We need to judge people's competence based on their deeds. If you run naked through the hospital, you can't be a surgeon there (not this week, anyway). If you're so depressed you can't get out of bed and you're always late to work, perhaps you shouldn't be President of the United States, because I hear it entails being at a lot of meetings and press conferences. If you're behavior when ill leads you to do illegal or dangerous things, then you should be barred from doing things that one needs to be a safe and law abiding citizen to do. But it's the behavior, or the expressed potential behavior that counts. So if you've quietly been depressed, gone to tell this to a psychiatrist who prescribed you a medication that took that depression away, and a pill and some therapy keep you well, then why shouldn't you be running the country or driving those kids to school? Oh, there's risk, you could get depressed again. But you could also have a heart attack or get cancer or epilepsy or Alzheimer's Disease.
When I'm on a plane, I want a pilot who does a great job of flying a plane. Perhaps there are some objective measures of what we want to see in a pilot -- things like reaction speed which could be impaired by depression or by medications. Instead of stopping someone from flying because his depressive symptoms are adequately addressed with an antidepressant, perhaps we should be checking his reaction times on a simulator. If a pilot does a great job of flying, then I don't care that he's on an antidepressant, and I don't care if he's thinking about his grocery list, or anything else that I have no control over. But I do care that he flies well, that he's not impaired, and since history may repeat itself, then I care about his past behaviors: if he's had close calls when flying for any reason, or a history of a suicide attempt, then I'd like another pilot, please.

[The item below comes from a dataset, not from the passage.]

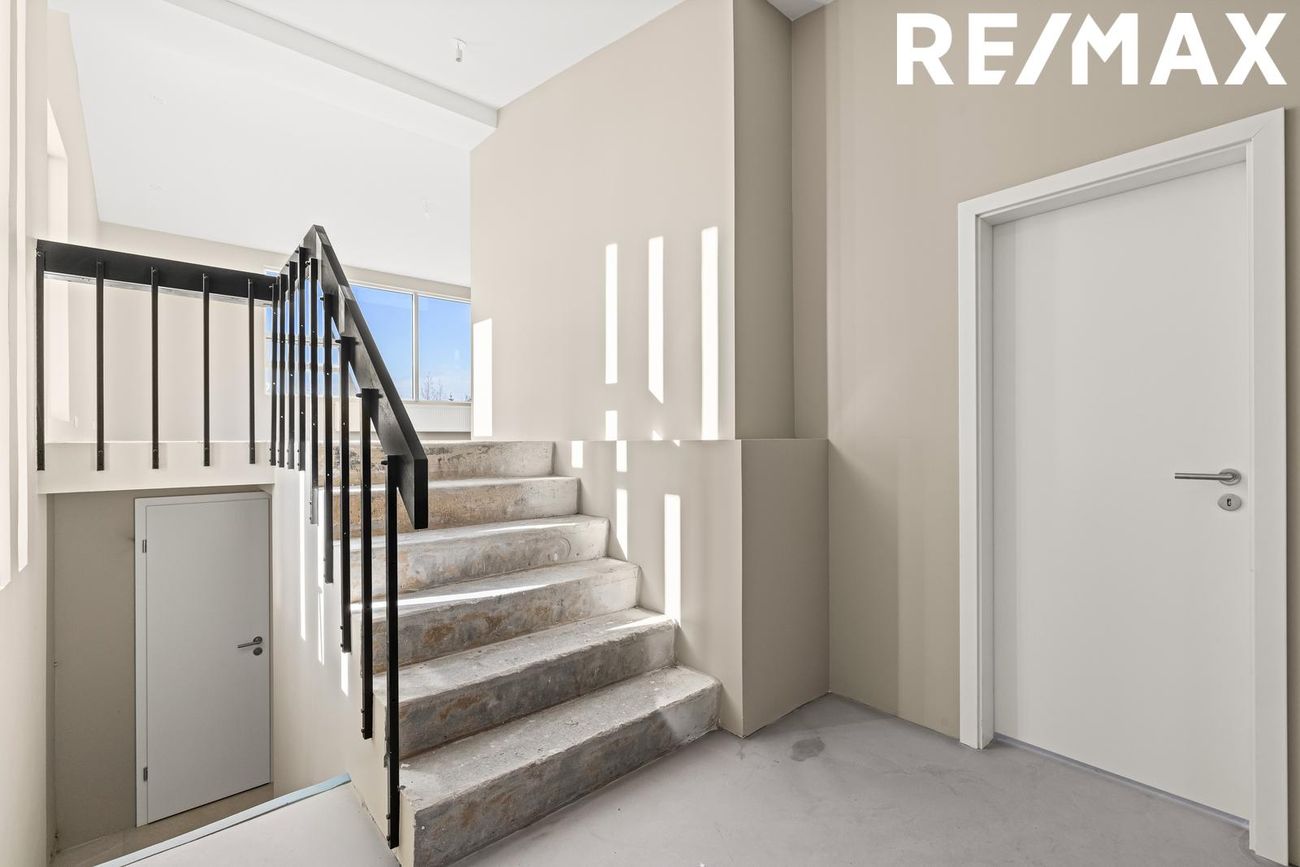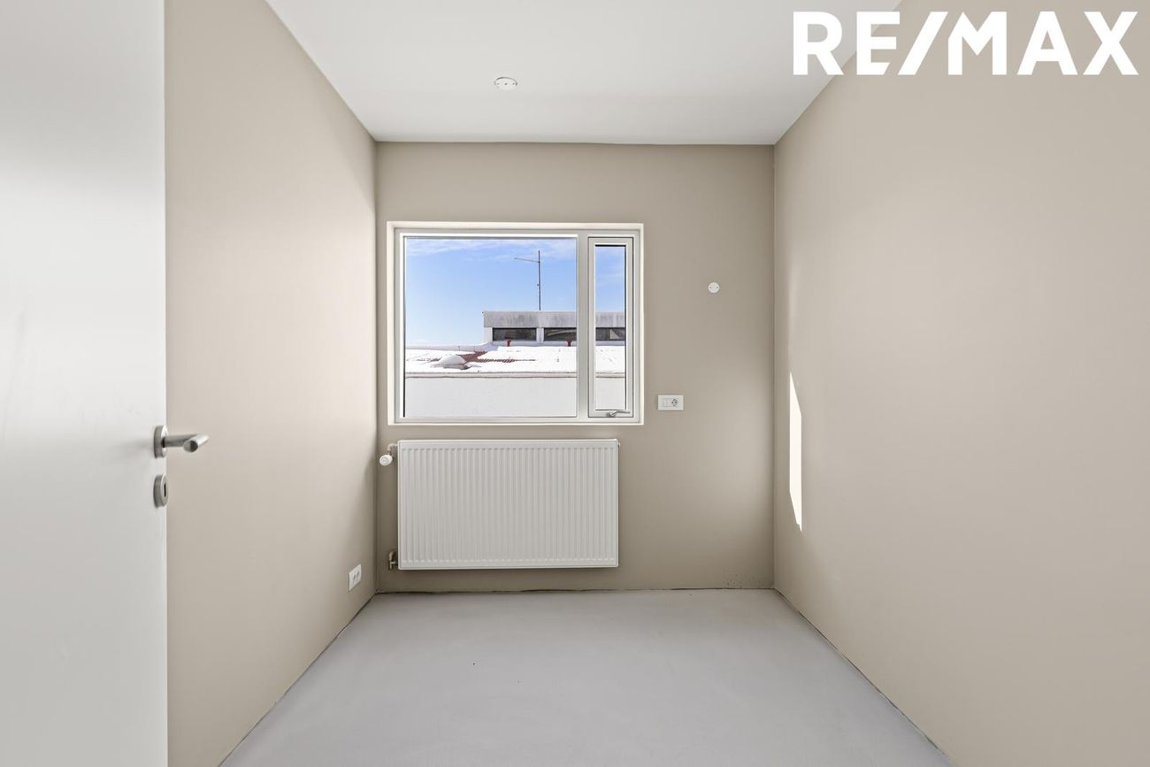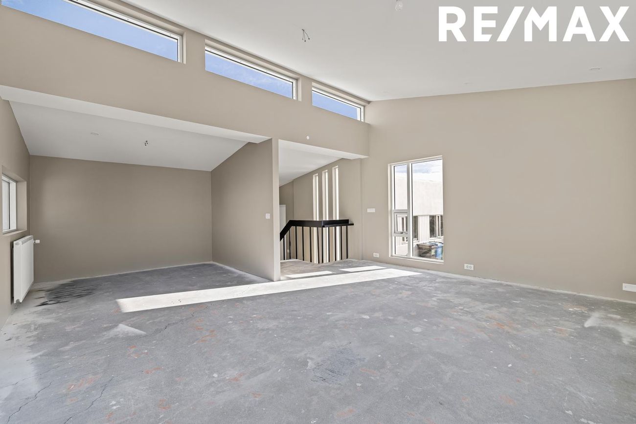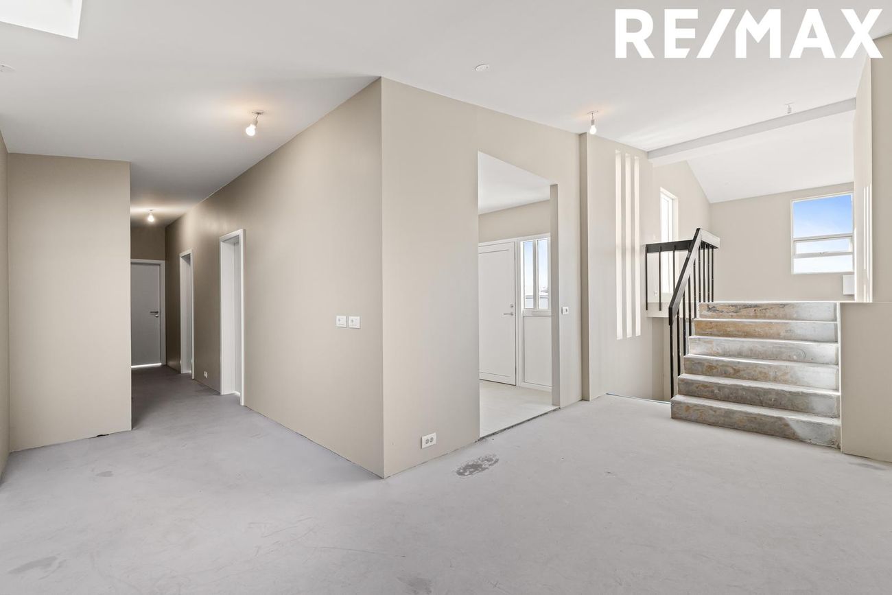 Stofa og borðstofa: Rúmgott og bjart alrými með mikilli lofthæð og stórum ál/tré gluggum sem veita mikið náttúruljós. Gólf flotuð, tilbúin fyrir gólfefni.

And I personally don't think anyone should own guns, but since no one cares that I think that (yes, yes, 2nd amendment...), well then what say we prohibit the following people from owning guns, at least for a period of time: anyone with a history of assaultive behavior, and anyone who has had a suicide attempt serious enough to require medical attention. Both imply that the person has a level of impulsivity where a gun could be a problem. And, yes, I think that someone who gets in a bar fight and throws some punches shouldn't have a gun, at least for a given period of time -- say long enough to age into some brain maturity or get some treatment for their alcohol problem.
I don't care what the diagnosis is: no diagnosis precludes any type of employment, and no lack of diagnosis is any guarantee of safety. What matters is behavior, and that's what people should be judged on. Oh, you're going to say I think this means it's okay if the pilot tells his co-pilot he's thinking of crashing the plane: and I'm going to say No! The act of telling another that you have violent criminal intentions is a behavior, that pilot should not be permitted to fly. Silent thoughts which one never intends to act on are one thing (we all have weird thoughts from time to time), expressing such thoughts can be a cry for help, or it can indicate poor judgement, or it can be an expression of a symptom of serious mental illness, but once expressed, it's a different animal than a quiet fantasy.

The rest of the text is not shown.